But the challenges dwarf the progress.
Over 800 million people remain trapped in extreme poverty. Billions lack access to clean water, sanitation, and hygiene. Women continue to spend 2.5 times more hours than men doing unpaid care and domestic work. Climate change is accelerating, with 2024 confirmed as the hottest year on record—1.55°C above pre-industrial levels. Meanwhile, debt burdens are worsening: in 2023, low- and middle-income countries paid $1.4 trillion in debt servicing—draining resources needed for development.

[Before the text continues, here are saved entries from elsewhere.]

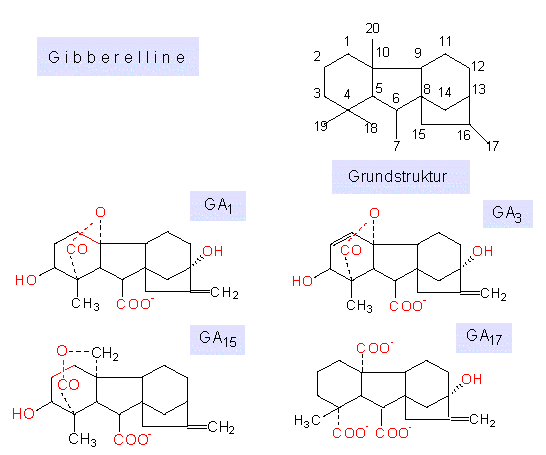 Gibberelline sind Diterpene, sie enthalten vier Isopreneinheiten, die zu einem Viererringsystem verbunden sind. Man unterscheidet zwischen den Gibberellinen mit 19 und solchen mit 20 C-Atomen. Das 20. C-Atom ist nicht Bestandteil eines der vier Ringe, sondern Teil einer Seitenkette (CH3 in GA12, CH2OH in GA15, CHO in GAl9 oder COOH in GA28). An dieser Aufzählung und den Beispielen in der Abbildung wird deutlich, in welcher Hinsicht sich die einzelnen Molekülstrukturen voneinander unterscheiden.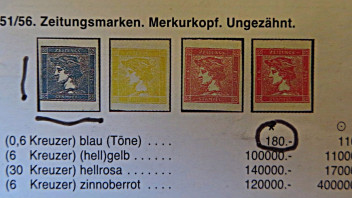 Denn für diese Zeitungsmarke - Merkurkopf blau 0,6 Kreuzer - fand ich auch auf einem Flohmarkt - allerdings bezahlte ich ein wenig mehr als sonst : 20,- Euro !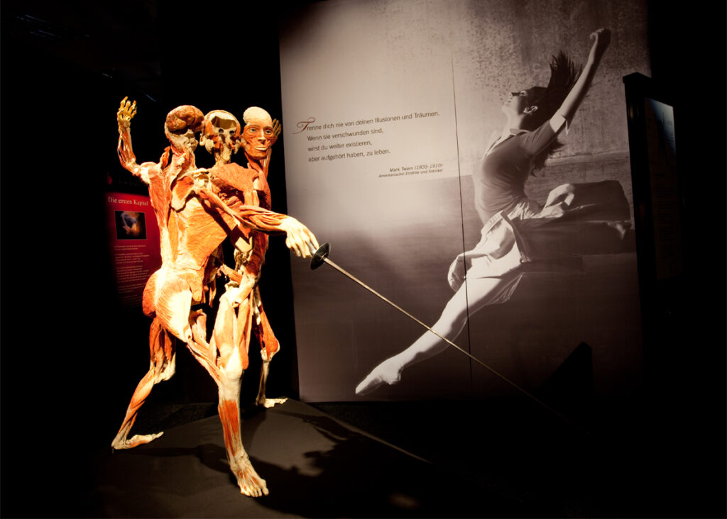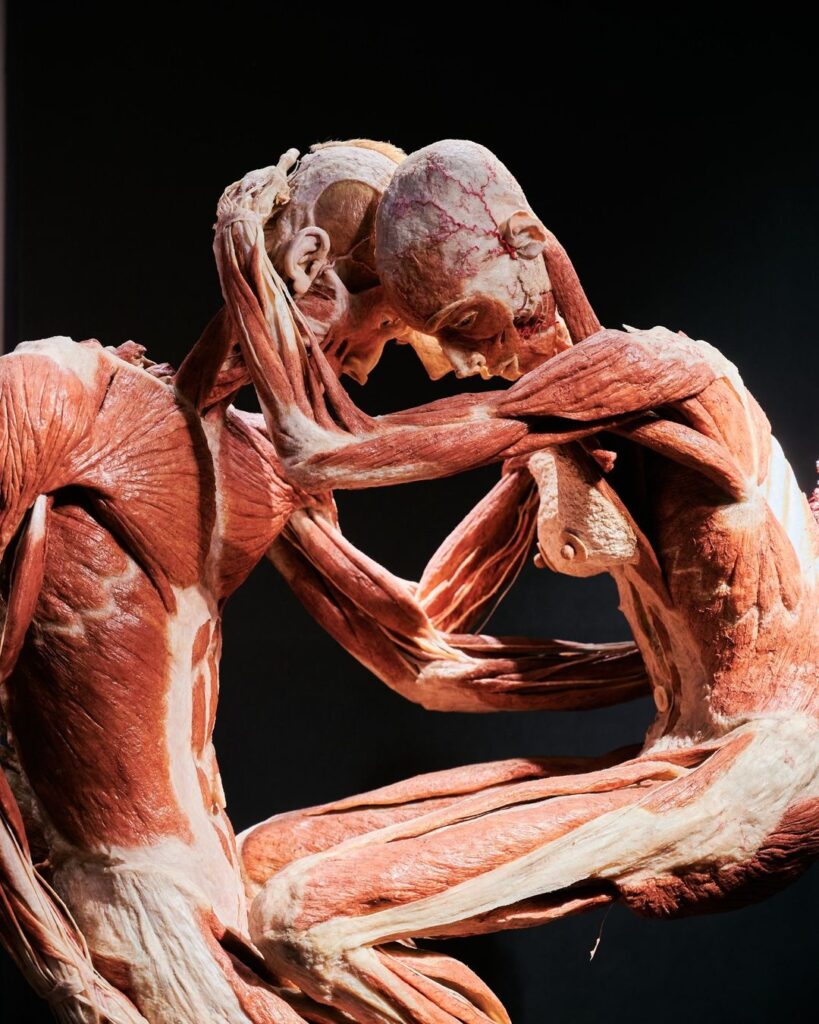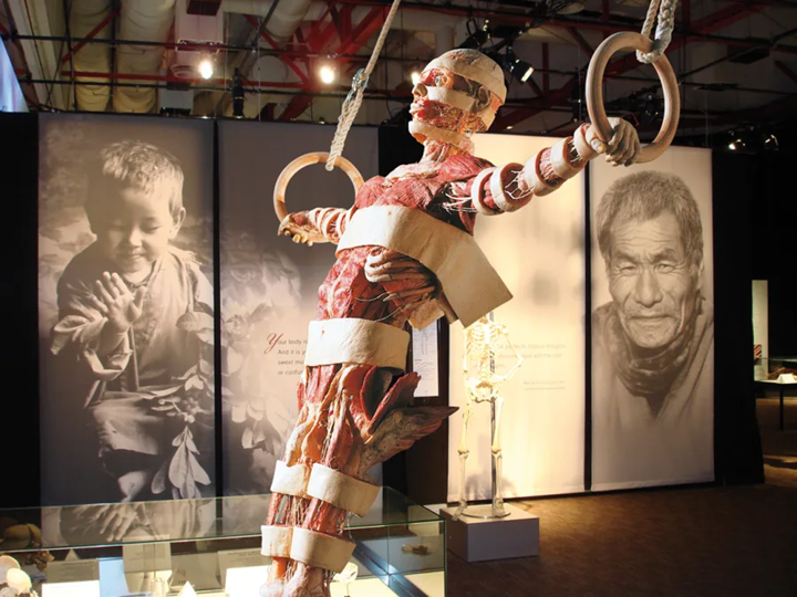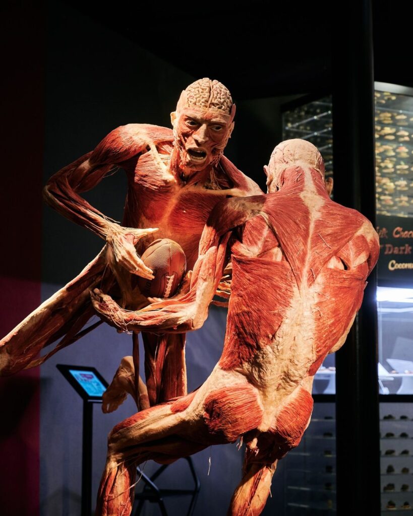 Created by Dr. Gunther von Hagens, the Body Worlds exhibition uses a technique called plastination to preserve real bodies and organs donated for educational purposes.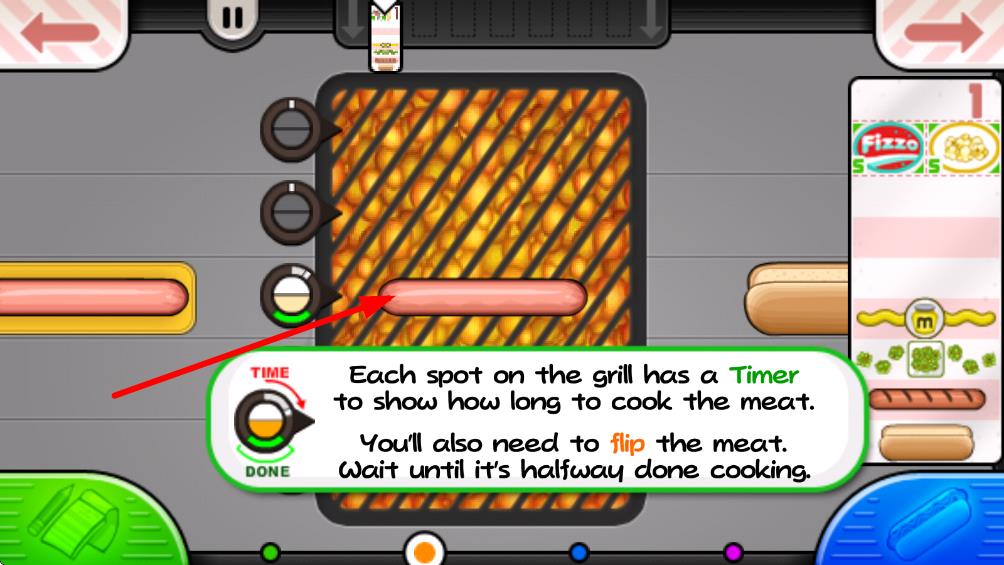 2、按照烹飪指示滑動屏幕完成煎烤香腸、涂抹醬料等操作,再根據(jù)顧客喜好依次添加洋蔥、芝士等配料。

The Secretary-General pointed to one core issue: financing. The global SDG financing gap for developing nations now stands at $4 trillion annually. Worse still, Haiti is the least-funded of all humanitarian responses globally—an example of how international priorities are dangerously imbalanced.
“There is something fundamentally wrong in the structure of the global economic and financial system,” Guterres said. “We need reforms. Debt relief. Tripling development bank lending. Fairer trade and access to capital.”
The SDG report proposes a shift toward six “transformational pathways” in food systems, energy, digital access, education, jobs, and climate. These, it argues, will accelerate progress across all other goals—if funded properly and backed by political will.
Guterres urged global leaders to use upcoming moments, including the World Social Summit (November 4–6 in Doha, Qatar), the High-Level Political Forum, and the Food Systems Stocktake, to commit to urgent action.
“The Sustainable Development Goals are still within reach,” he concluded. “But only if we act—with urgency, unity, and unwavering resolve.”